2

I am trying to implement a simple version of spectral clustering using the normalized (random walk) Laplacian matrix in Python. After testing my function with a toy dataset, I found that my Laplacian matrix has negative eigenvalues. Here is my spectral clustering code:

import numpy as np
from sklearn.cluster import KMeans
from sklearn.metrics.pairwise import pairwise_kernels, euclidean_distances, pairwise_distances
from sklearn.neighbors import NearestNeighbors

def nlapl(W):
    Dinv = 1 / np.sum(W, axis=1)
    Id = np.eye(W.shape[0])
    W = np.multiply(Dinv, W.T).T
    return Id - W

def sc(X, n_clusters, gamma):
    W = pairwise_kernels(X, metric='rbf', gamma=gamma)
    L = nlapl(W)

    lambdas, vs = np.linalg.eigh(L)
    lambdas = lambdas[:n_clusters]
    vs = vs[:,:n_clusters]

    print("lambdas:")
    print(lambdas)

    kmeans = KMeans(n_clusters=n_clusters, init='k-means++', max_iter=300, n_init=20, random_state=0).fit(vs)
    return vs, kmeans

Here is my test code:

from sklearn.datasets.samples_generator import make_blobs

X, y = make_blobs(n_samples=300, centers=4, cluster_std=0.60, random_state=0)
vs, kmeans = sc(X, 4, 2)

The function successfully identifies the clusters:

plt.figure()
plt.scatter(X[:,0], X[:,1], c=y, alpha=0.7)
plt.title('True Clusters')

plt.figure()
plt.scatter(X[:,0], X[:,1], c=kmeans.labels_, alpha=0.7)
plt.title('Spectral Clustering')

True Clusters Spectral Clustering

However, the Laplacian matrix has negative eigenvalues:

lambdas:
[-0.03429643 -0.02670478 -0.01684407 -0.0073953 ]

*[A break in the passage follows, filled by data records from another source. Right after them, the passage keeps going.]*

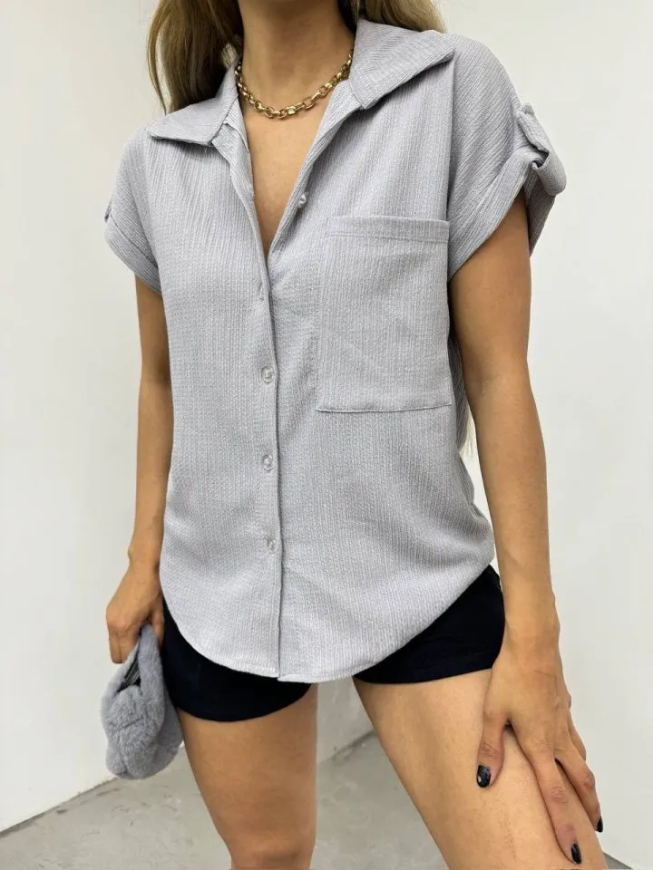 قميص نسائي مجعد بأكمام طويلة وأزرار أمامية، مصنوع من قماش خفيف الوزن وناعم مثالي للارتداء اليومي الأنيق والمريح.
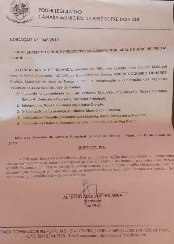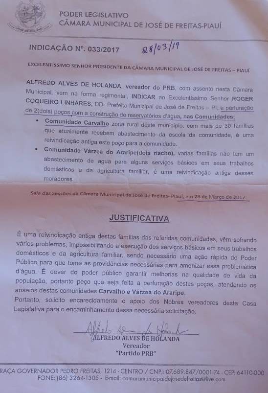 O vereador Alfredo Holanda durante sessão ordinária realizada na Câmara Municipal de vereadores na última terça-feira 01 de outubro de 2019, solicitou à prefeitura de José de Freitas-PI, uma indicação de número 033, que o mesmo fez desde do mês de março/2017 e nunca foi atendido. A mesma indicação trata de solicitação de melhoramento de abastecimento de água na comunidade Carvalho zona rural de José de Freitas-PI.
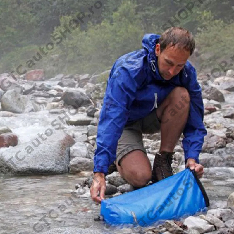 Acest sac de apa va ofera o sursa importanta de apa pentru camping sau pentru expeditia dvs. Poate fi folosit ca sursa de apa pentru spalat sau ca sursa de apa pentru dus impreuna cu duza de la Ortlieb (vanduta separat).
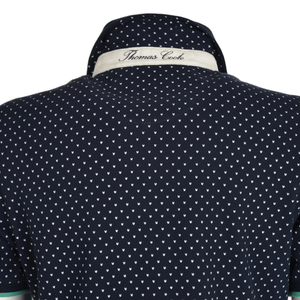Features: Birdseye geometric print, silver collar stand button, drill collar, mint trim, rib cuffs, stretch for comfort
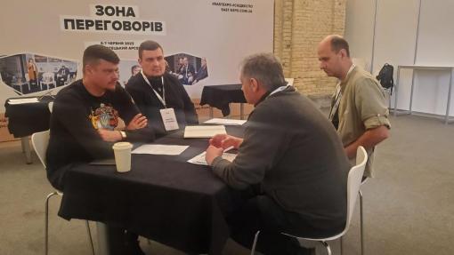У приміщенні Мистецького Арсеналу організовано ярмарок, відбуваються панельні дискусії, на яких обговорюються питання економічного відновлення, релокації та адаптації бізнесу, енергоефективності, міжрегіонального співробітництва.
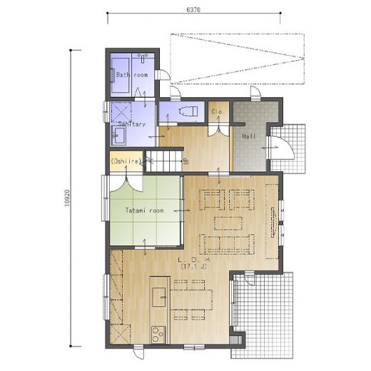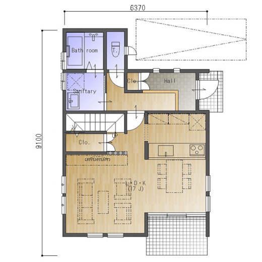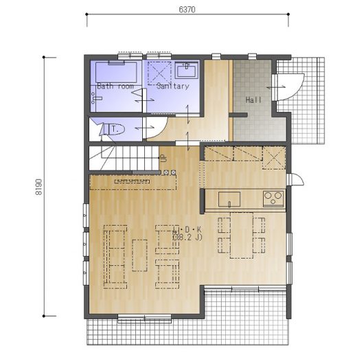 【間取り・注文住宅プラン】一階の南側にデッキのある3LDKの間取り
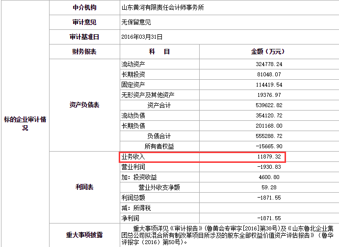 由山东黄河有限责任会计师事务所出具的标的企业审计情况显示,截至2016年3月31日,鲁北集团业务收入1.19亿元,净利润为亏损1871.55万元;流动资产、长期投资、固定资产、无形资产等分别为32.47亿元、8.1亿元、11.44亿元和1.94亿元,资产合计为53.96亿元。流动负债35.41亿元、长期负债20.12亿元,负债合计55.53亿元。所有者权益为-1.56亿元。
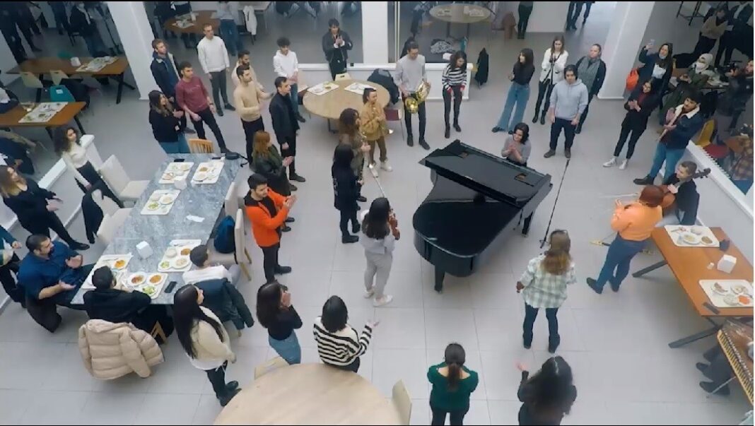 Yüzlerce öğrencinin aynı anda yemek yediği salonda önce piyano sesi duyuldu.
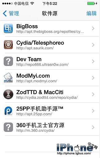越獄後,盡量打上ipa和deb的安裝補丁。然後進入Cydia,在“管理”裡選擇“軟件源":
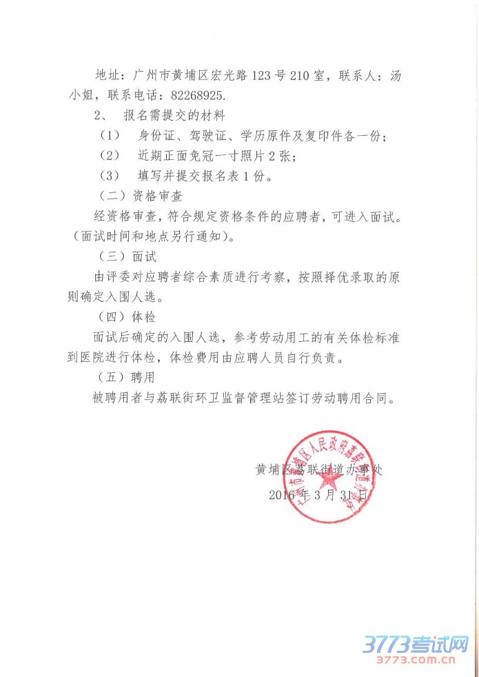 [组图]2016广东黄浦区荔联街环卫监督管理站招聘公告

I'm pretty sure that my problem is in nlapl because if I use the unnormalized laplacian D - W, the eigenvalues are [-4.96328563e-15 5.94245930e-03 1.15181852e-02 1.51614560e-01]. However, I'm having trouble figuring out where my calculation is wrong. Am I missing something obvious? Thank you in advance for any advice.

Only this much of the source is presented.